*WHAT THE EXERCISE ASKS*:
When you retype the records that follow, keep each word as it is and drop any pictures.

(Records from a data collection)

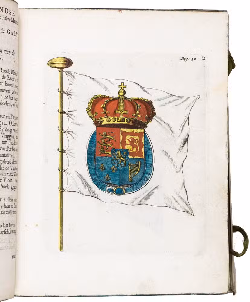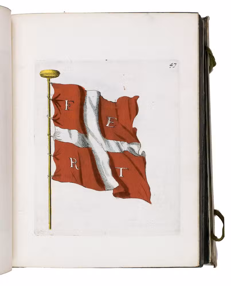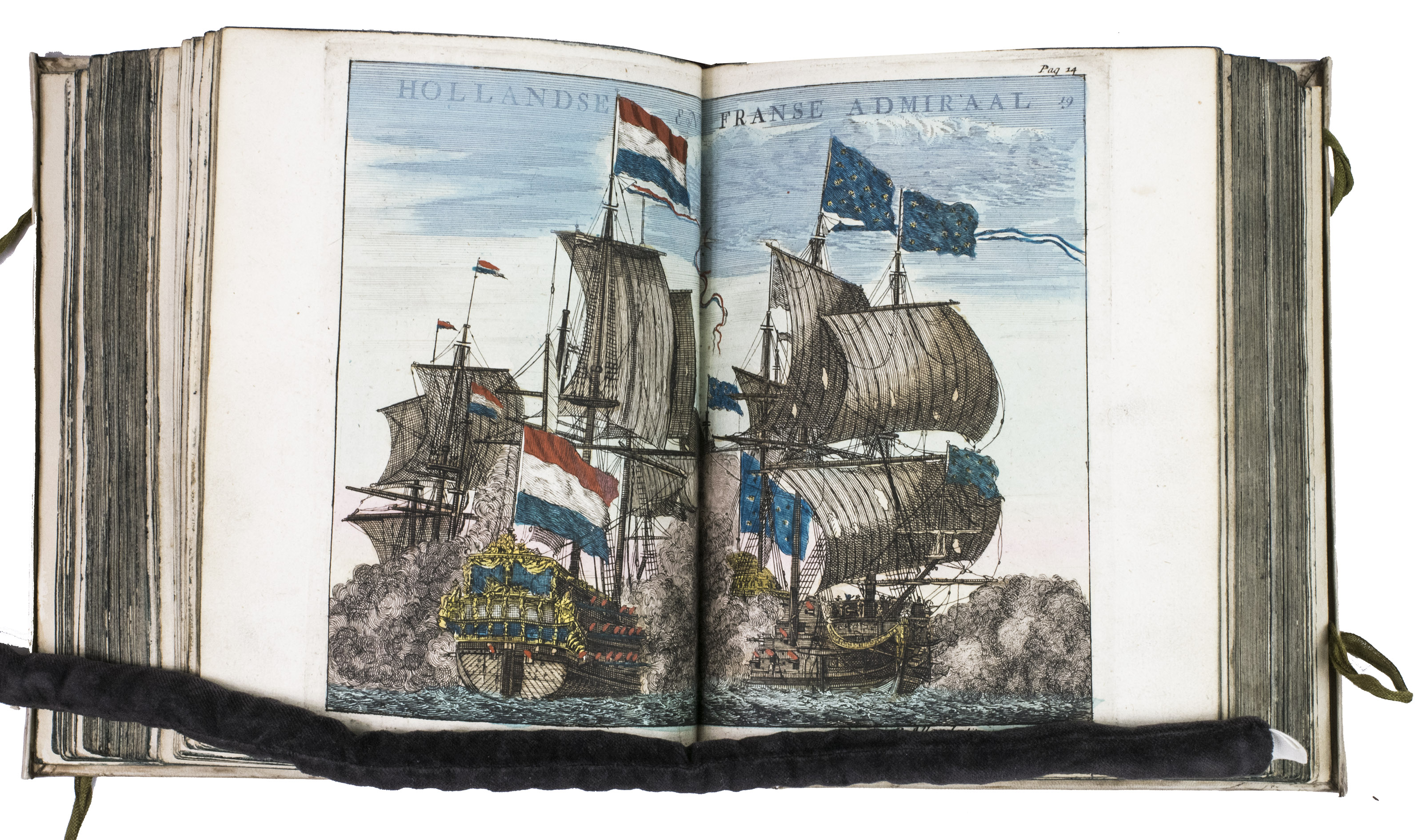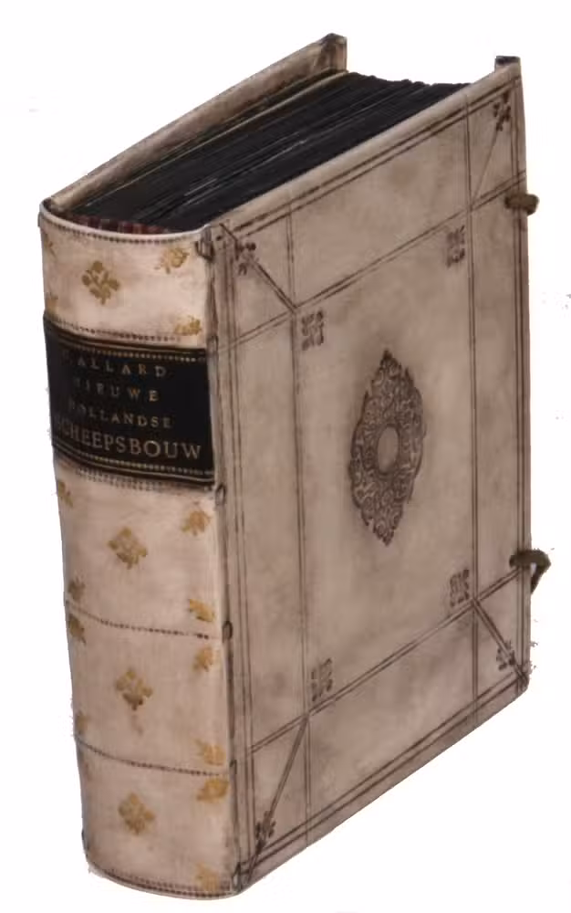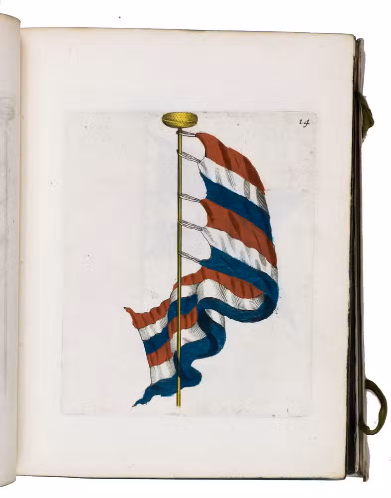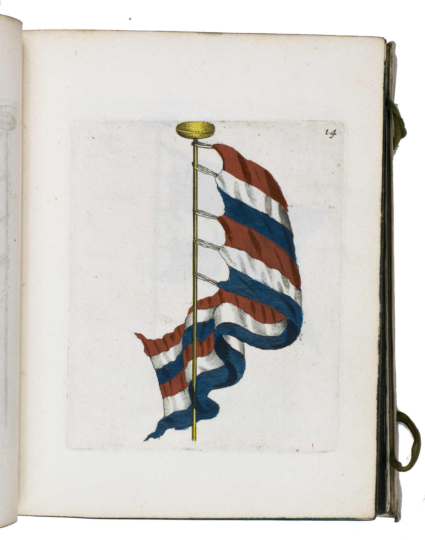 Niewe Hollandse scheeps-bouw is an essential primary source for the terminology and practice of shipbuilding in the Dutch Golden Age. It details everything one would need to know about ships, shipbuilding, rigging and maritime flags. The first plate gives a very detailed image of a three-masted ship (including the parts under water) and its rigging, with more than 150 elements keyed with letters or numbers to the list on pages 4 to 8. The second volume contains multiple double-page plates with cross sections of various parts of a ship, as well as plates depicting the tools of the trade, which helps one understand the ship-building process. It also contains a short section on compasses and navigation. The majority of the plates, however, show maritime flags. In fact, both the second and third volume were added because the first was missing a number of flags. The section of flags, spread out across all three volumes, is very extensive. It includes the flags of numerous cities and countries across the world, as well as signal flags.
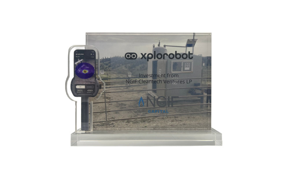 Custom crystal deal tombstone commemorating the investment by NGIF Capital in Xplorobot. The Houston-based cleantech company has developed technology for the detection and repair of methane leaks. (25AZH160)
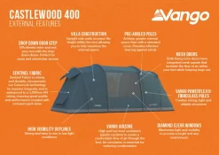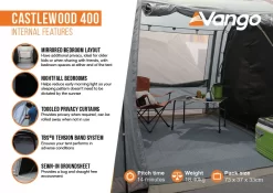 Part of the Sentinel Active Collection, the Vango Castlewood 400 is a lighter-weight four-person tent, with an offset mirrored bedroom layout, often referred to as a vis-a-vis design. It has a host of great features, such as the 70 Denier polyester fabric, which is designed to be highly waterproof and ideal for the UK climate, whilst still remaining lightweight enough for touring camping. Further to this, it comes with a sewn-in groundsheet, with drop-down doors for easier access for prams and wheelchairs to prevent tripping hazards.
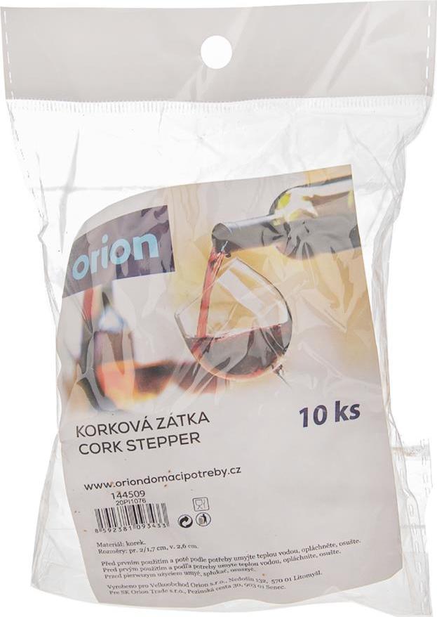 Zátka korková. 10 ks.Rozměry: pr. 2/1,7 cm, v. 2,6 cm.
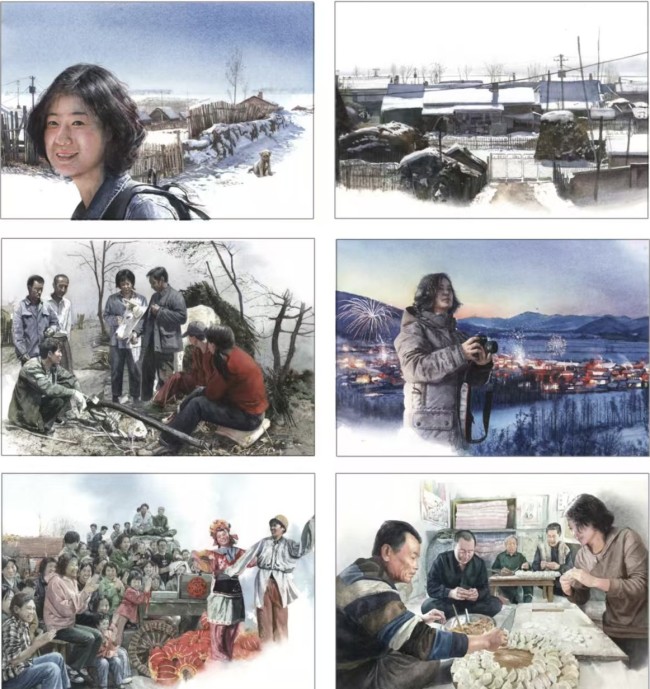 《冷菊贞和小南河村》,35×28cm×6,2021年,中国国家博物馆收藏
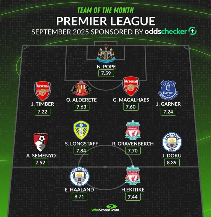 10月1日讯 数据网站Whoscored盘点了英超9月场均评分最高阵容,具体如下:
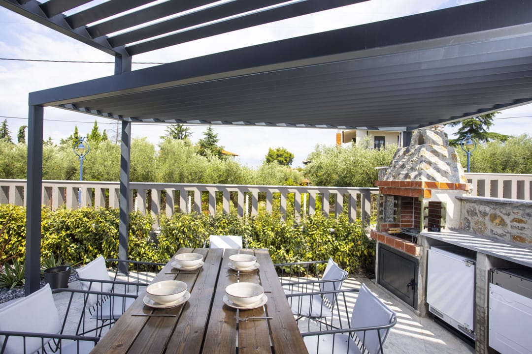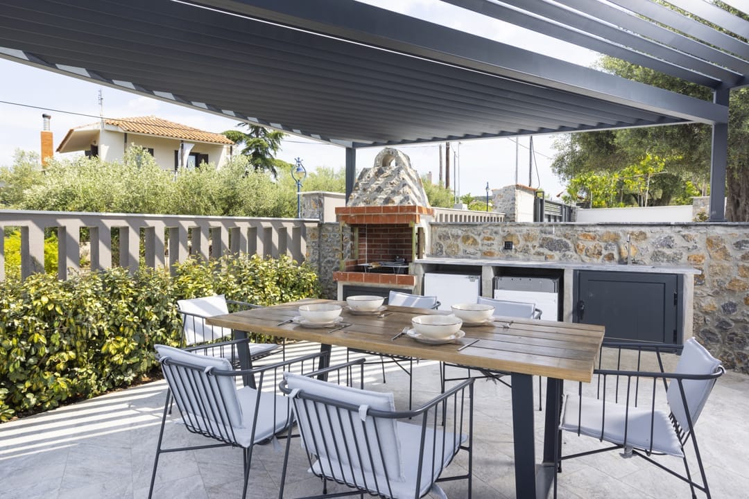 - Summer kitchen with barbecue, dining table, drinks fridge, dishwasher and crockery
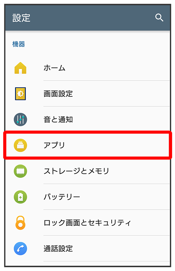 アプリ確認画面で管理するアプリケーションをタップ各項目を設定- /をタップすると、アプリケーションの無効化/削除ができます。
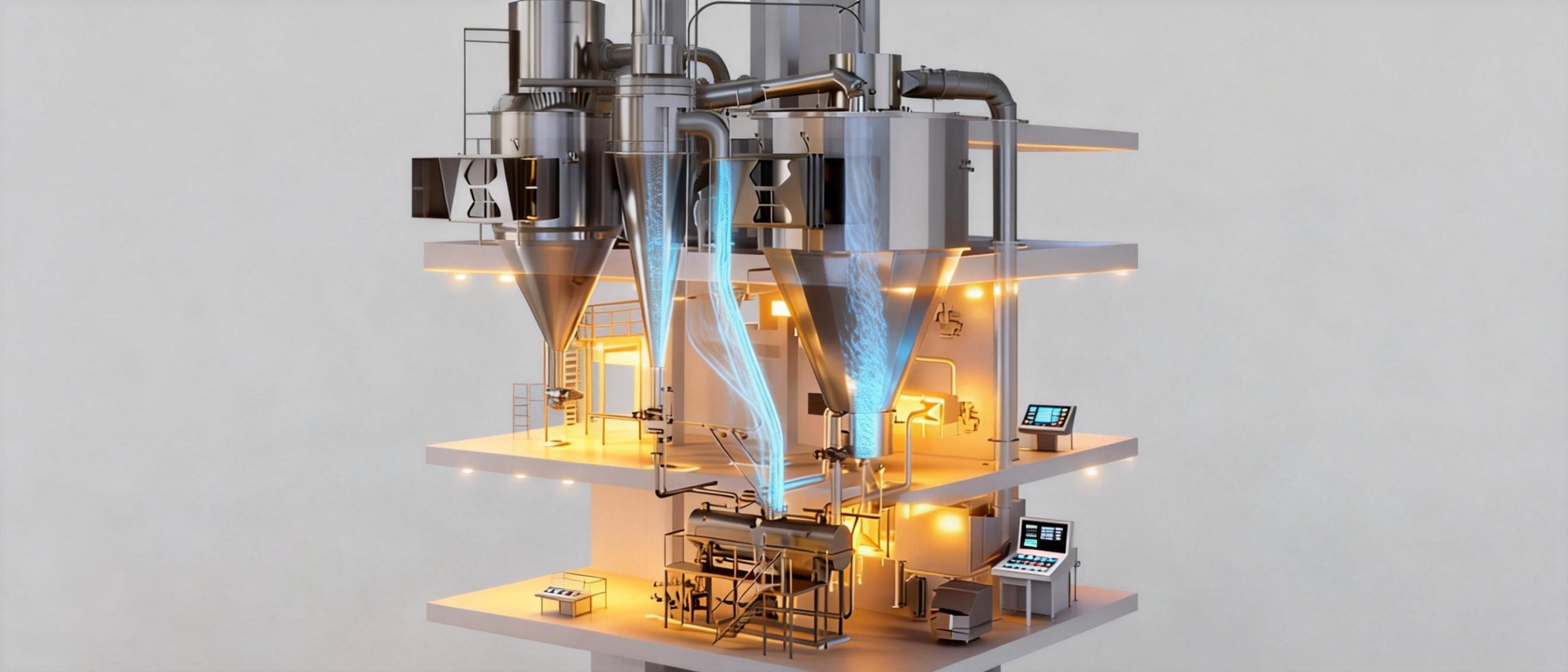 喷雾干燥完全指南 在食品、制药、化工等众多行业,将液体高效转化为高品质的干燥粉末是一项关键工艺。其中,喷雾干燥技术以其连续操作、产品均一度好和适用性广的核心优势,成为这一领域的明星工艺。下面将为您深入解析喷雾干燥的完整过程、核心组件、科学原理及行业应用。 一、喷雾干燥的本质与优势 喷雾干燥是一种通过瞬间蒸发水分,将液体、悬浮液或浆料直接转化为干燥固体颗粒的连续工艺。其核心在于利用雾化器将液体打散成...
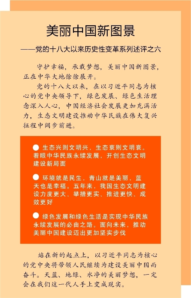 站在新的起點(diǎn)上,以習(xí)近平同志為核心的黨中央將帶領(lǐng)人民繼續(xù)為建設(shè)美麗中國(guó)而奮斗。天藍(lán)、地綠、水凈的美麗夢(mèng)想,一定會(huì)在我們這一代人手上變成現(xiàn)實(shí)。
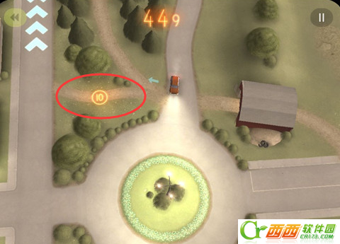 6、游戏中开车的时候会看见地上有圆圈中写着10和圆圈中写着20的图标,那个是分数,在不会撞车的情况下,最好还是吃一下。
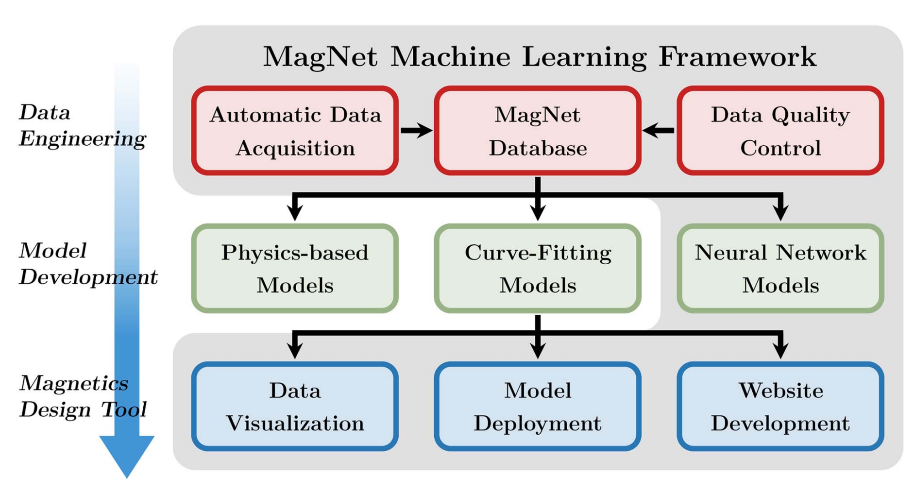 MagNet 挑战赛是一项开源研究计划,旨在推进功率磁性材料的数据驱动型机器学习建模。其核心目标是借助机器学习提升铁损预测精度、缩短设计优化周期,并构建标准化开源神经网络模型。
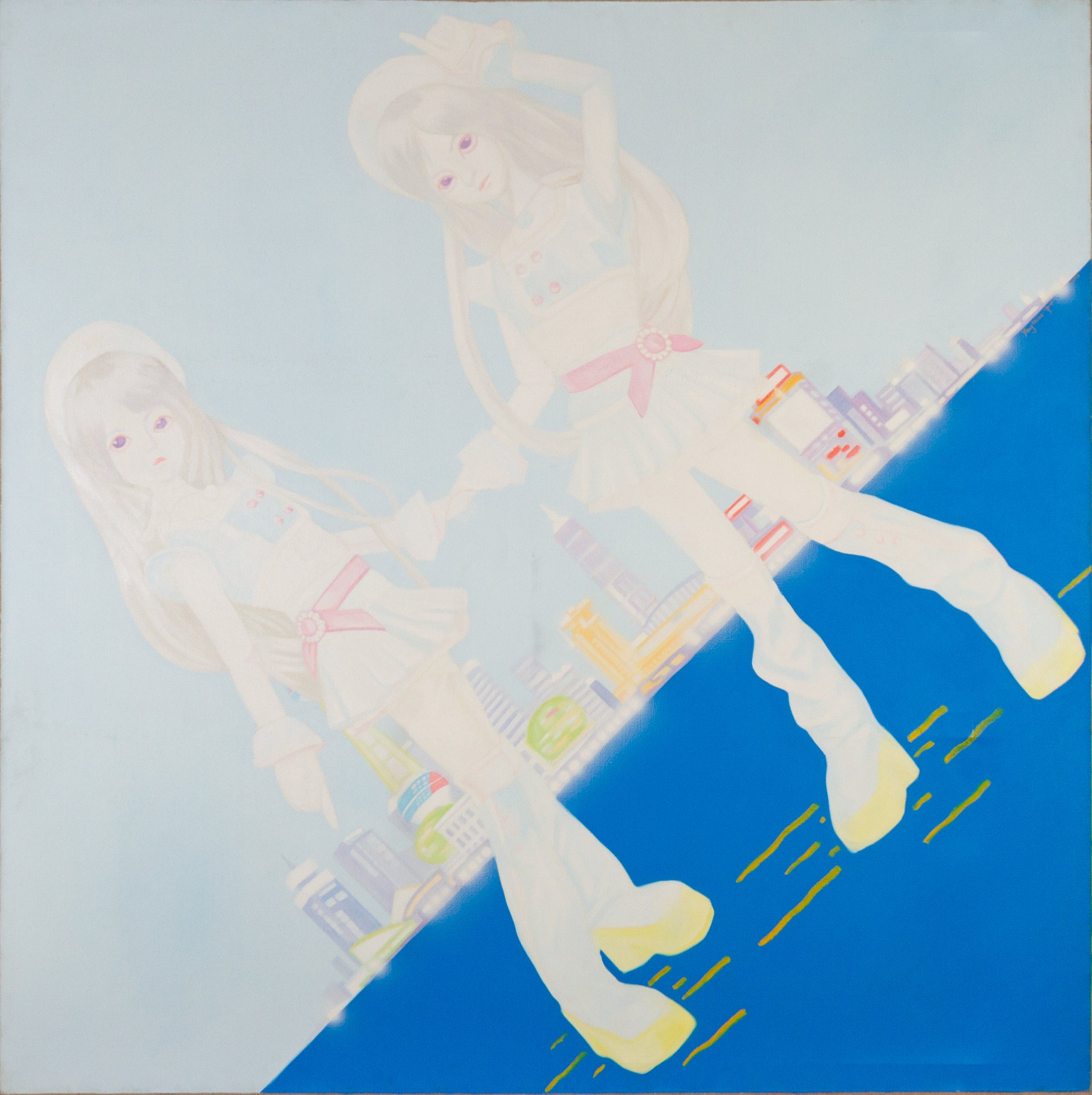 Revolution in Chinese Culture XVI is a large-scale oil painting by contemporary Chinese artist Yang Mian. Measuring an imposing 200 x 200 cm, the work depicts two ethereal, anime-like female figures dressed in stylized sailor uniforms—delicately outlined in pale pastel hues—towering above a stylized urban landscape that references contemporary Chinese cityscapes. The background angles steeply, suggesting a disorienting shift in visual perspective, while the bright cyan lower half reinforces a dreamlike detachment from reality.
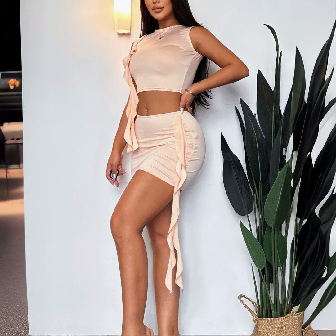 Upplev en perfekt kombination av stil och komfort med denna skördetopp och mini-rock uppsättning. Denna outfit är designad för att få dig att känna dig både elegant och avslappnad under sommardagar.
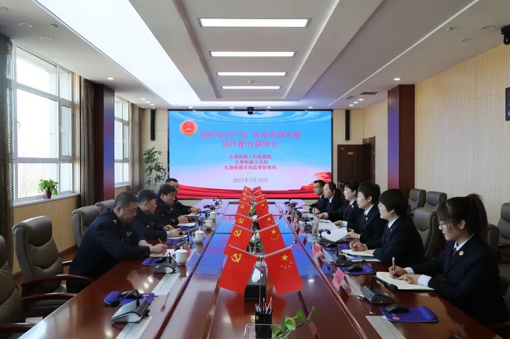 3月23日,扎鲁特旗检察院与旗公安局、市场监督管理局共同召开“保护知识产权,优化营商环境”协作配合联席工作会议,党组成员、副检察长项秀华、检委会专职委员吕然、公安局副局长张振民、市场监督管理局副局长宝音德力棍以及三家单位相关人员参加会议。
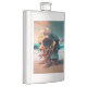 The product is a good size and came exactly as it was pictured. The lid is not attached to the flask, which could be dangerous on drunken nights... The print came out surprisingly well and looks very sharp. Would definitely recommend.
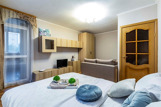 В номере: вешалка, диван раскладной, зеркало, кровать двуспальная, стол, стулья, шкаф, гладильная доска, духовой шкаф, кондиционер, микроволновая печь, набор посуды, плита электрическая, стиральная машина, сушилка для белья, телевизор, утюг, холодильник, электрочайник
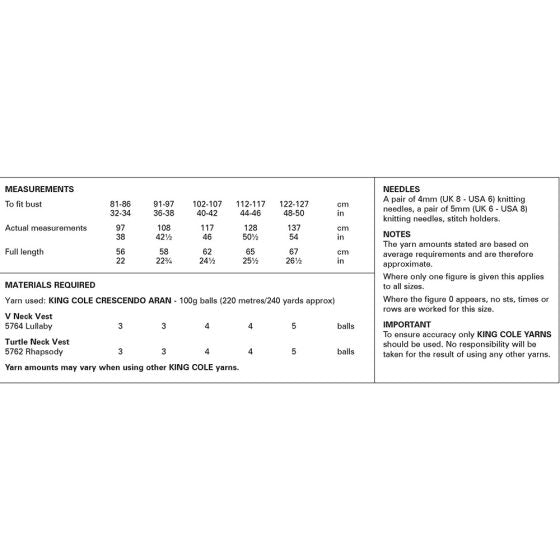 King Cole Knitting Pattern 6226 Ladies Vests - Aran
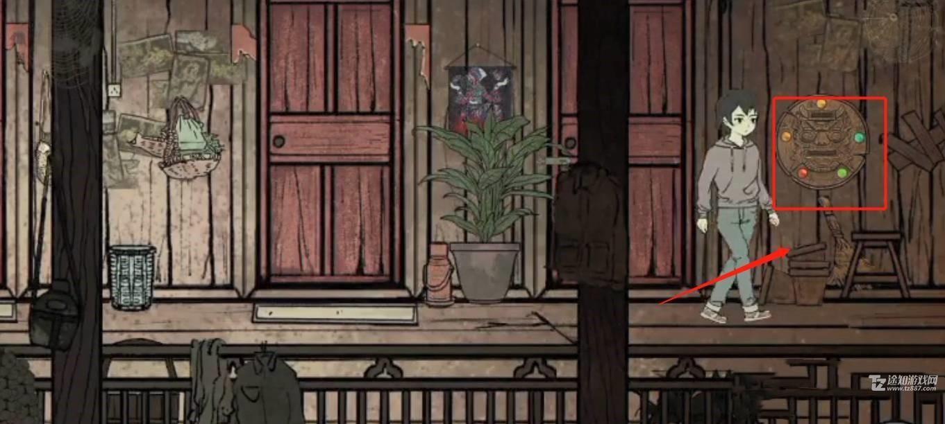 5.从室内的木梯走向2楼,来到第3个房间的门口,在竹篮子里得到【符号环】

*TASK SOLUTION*:
 Niewe Hollandse scheeps-bouw is an essential primary source for the terminology and practice of shipbuilding in the Dutch Golden Age. It details everything one would need to know about ships, shipbuilding, rigging and maritime flags. The first plate gives a very detailed image of a three-masted ship (including the parts under water) and its rigging, with more than 150 elements keyed with letters or numbers to the list on pages 4 to 8. The second volume contains multiple double-page plates with cross sections of various parts of a ship, as well as plates depicting the tools of the trade, which helps one understand the ship-building process. It also contains a short section on compasses and navigation. The majority of the plates, however, show maritime flags. In fact, both the second and third volume were added because the first was missing a number of flags. The section of flags, spread out across all three volumes, is very extensive. It includes the flags of numerous cities and countries across the world, as well as signal flags.
 Custom crystal deal tombstone commemorating the investment by NGIF Capital in Xplorobot. The Houston-based cleantech company has developed technology for the detection and repair of methane leaks. (25AZH160)
 Part of the Sentinel Active Collection, the Vango Castlewood 400 is a lighter-weight four-person tent, with an offset mirrored bedroom layout, often referred to as a vis-a-vis design. It has a host of great features, such as the 70 Denier polyester fabric, which is designed to be highly waterproof and ideal for the UK climate, whilst still remaining lightweight enough for touring camping. Further to this, it comes with a sewn-in groundsheet, with drop-down doors for easier access for prams and wheelchairs to prevent tripping hazards.
 Zátka korková. 10 ks.Rozměry: pr. 2/1,7 cm, v. 2,6 cm.
 《冷菊贞和小南河村》,35×28cm×6,2021年,中国国家博物馆收藏
 10月1日讯 数据网站Whoscored盘点了英超9月场均评分最高阵容,具体如下:
 - Summer kitchen with barbecue, dining table, drinks fridge, dishwasher and crockery
 アプリ確認画面で管理するアプリケーションをタップ各項目を設定- /をタップすると、アプリケーションの無効化/削除ができます。
 喷雾干燥完全指南 在食品、制药、化工等众多行业,将液体高效转化为高品质的干燥粉末是一项关键工艺。其中,喷雾干燥技术以其连续操作、产品均一度好和适用性广的核心优势,成为这一领域的明星工艺。下面将为您深入解析喷雾干燥的完整过程、核心组件、科学原理及行业应用。 一、喷雾干燥的本质与优势 喷雾干燥是一种通过瞬间蒸发水分,将液体、悬浮液或浆料直接转化为干燥固体颗粒的连续工艺。其核心在于利用雾化器将液体打散成...
 站在新的起點(diǎn)上,以習(xí)近平同志為核心的黨中央將帶領(lǐng)人民繼續(xù)為建設(shè)美麗中國(guó)而奮斗。天藍(lán)、地綠、水凈的美麗夢(mèng)想,一定會(huì)在我們這一代人手上變成現(xiàn)實(shí)。
 6、游戏中开车的时候会看见地上有圆圈中写着10和圆圈中写着20的图标,那个是分数,在不会撞车的情况下,最好还是吃一下。
 MagNet 挑战赛是一项开源研究计划,旨在推进功率磁性材料的数据驱动型机器学习建模。其核心目标是借助机器学习提升铁损预测精度、缩短设计优化周期,并构建标准化开源神经网络模型。
 Revolution in Chinese Culture XVI is a large-scale oil painting by contemporary Chinese artist Yang Mian. Measuring an imposing 200 x 200 cm, the work depicts two ethereal, anime-like female figures dressed in stylized sailor uniforms—delicately outlined in pale pastel hues—towering above a stylized urban landscape that references contemporary Chinese cityscapes. The background angles steeply, suggesting a disorienting shift in visual perspective, while the bright cyan lower half reinforces a dreamlike detachment from reality.
 Upplev en perfekt kombination av stil och komfort med denna skördetopp och mini-rock uppsättning. Denna outfit är designad för att få dig att känna dig både elegant och avslappnad under sommardagar.
 3月23日,扎鲁特旗检察院与旗公安局、市场监督管理局共同召开“保护知识产权,优化营商环境”协作配合联席工作会议,党组成员、副检察长项秀华、检委会专职委员吕然、公安局副局长张振民、市场监督管理局副局长宝音德力棍以及三家单位相关人员参加会议。
 The product is a good size and came exactly as it was pictured. The lid is not attached to the flask, which could be dangerous on drunken nights... The print came out surprisingly well and looks very sharp. Would definitely recommend.
 В номере: вешалка, диван раскладной, зеркало, кровать двуспальная, стол, стулья, шкаф, гладильная доска, духовой шкаф, кондиционер, микроволновая печь, набор посуды, плита электрическая, стиральная машина, сушилка для белья, телевизор, утюг, холодильник, электрочайник
 King Cole Knitting Pattern 6226 Ladies Vests - Aran
 5.从室内的木梯走向2楼,来到第3个房间的门口,在竹篮子里得到【符号环】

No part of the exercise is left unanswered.